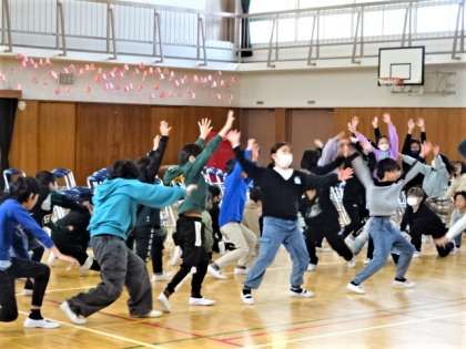6年生が練習を終えて、教室に戻ろうとした時、「ちょっと待ってください!」と5年生のサプライズの演技が始まりました。
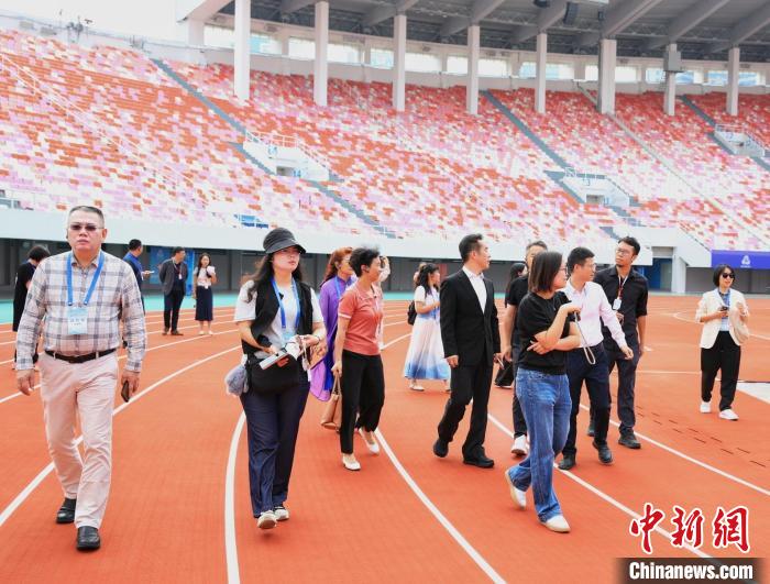 海外华媒代表走进广州天河体育馆参观走访。广东省侨办 供图
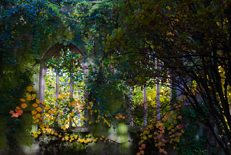 I stumbled across a little space that I never knew existed. St Dunstan in the East is a church originally built in the eleventh century, and rebuilt by Christopher Wren after it had been damaged in the Great Fire of London. It was bombed and almost destroyed during the Second World War. The church remains today in ruins but within and around it has been created a wild and wonderful garden. The remaining windows are draped with Virginia creeper and ornamental vine. Inside the roofless walls thrive such exotic plants as Moroccan broom, New Zealand flax and Japanese snowball. The effect is quite enchanting.
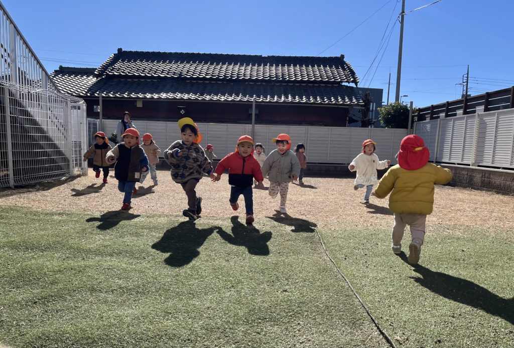 園庭でも遊んで、最後はアザラシ組さんも一緒に「よーいどん!」
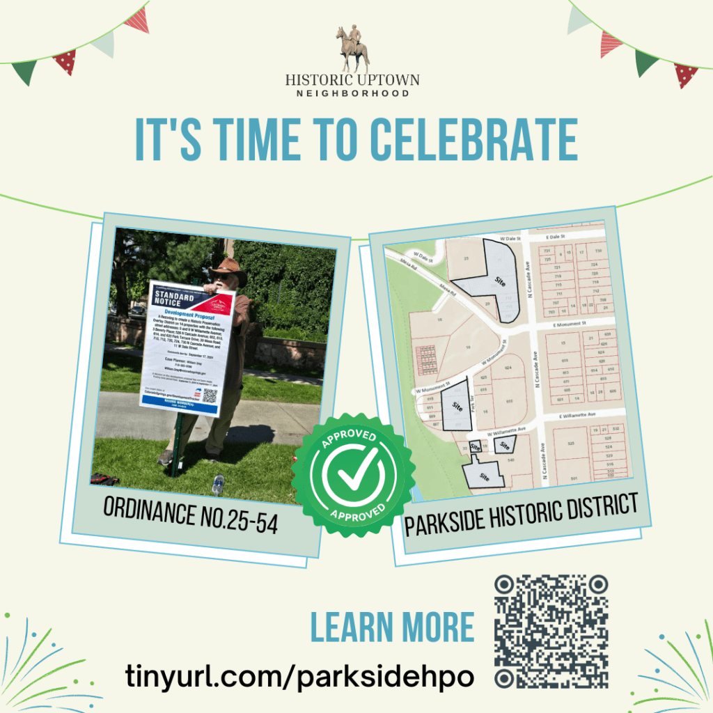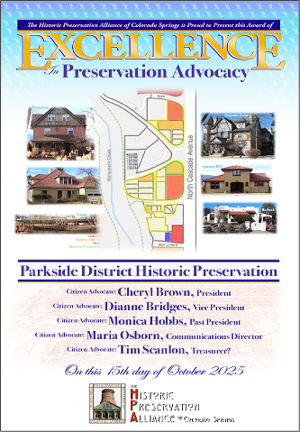 On October 15, 2025, the Historic Preservation Alliance presented the Historic Uptown Neighborhood Association with an award for our efforts in preserving the Parkside Neighborhood with a Historic Preservation Overlay. Learn more on the HPA website.
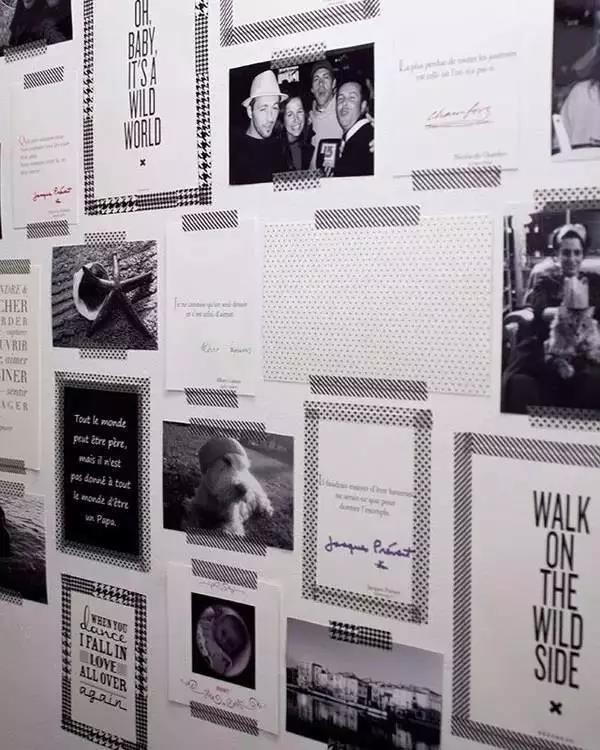 ▲ 喜歡的一些小畫,用相框則需要再墻上釘釘子,比較麻煩,有時(shí)候墻面也不能釘釘子,用透明膠貼則會(huì)影響美感。那就不如用紙膠帶做一個(gè)畫框吧
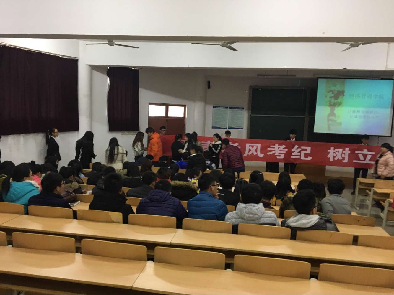 为进一步贯彻落实学院《关于加强教风学风建设的工作意见》和深入强化社会主义核心价值观中的诚信教育。2016年12月20日,下午16时,yl6809永利集团在10号楼F401举办“严肃考风考纪,树立优良学风”宣誓签名活动。经管学院800余名师生参与了此次活动。
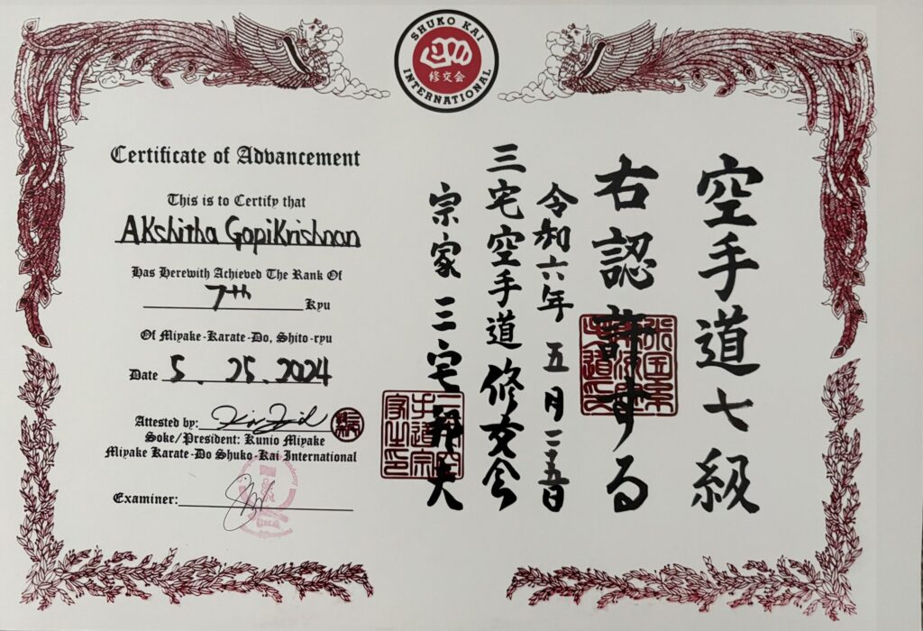 2nd Place at the All-India Martial Arts Academy for Kumite. 2nd Place at the Miya-Kalia Cup International Karate Tournament 2024. USA Karate: Active member of the CKA, for the National Karate Championship in June 2025.(Aug 2020 – Present)

**TASK TO COMPLETE**
From the line with "I stumbled across" up to and including the line with "園庭でも遊んで、最後はアザラシ組さんも一緒に「よーいどん!」" above, retype every line exactly and nothing more; leave out the pictures.

**ANSWER TO THIS PROBLEM**
 I stumbled across a little space that I never knew existed. St Dunstan in the East is a church originally built in the eleventh century, and rebuilt by Christopher Wren after it had been damaged in the Great Fire of London. It was bombed and almost destroyed during the Second World War. The church remains today in ruins but within and around it has been created a wild and wonderful garden. The remaining windows are draped with Virginia creeper and ornamental vine. Inside the roofless walls thrive such exotic plants as Moroccan broom, New Zealand flax and Japanese snowball. The effect is quite enchanting.
 園庭でも遊んで、最後はアザラシ組さんも一緒に「よーいどん!」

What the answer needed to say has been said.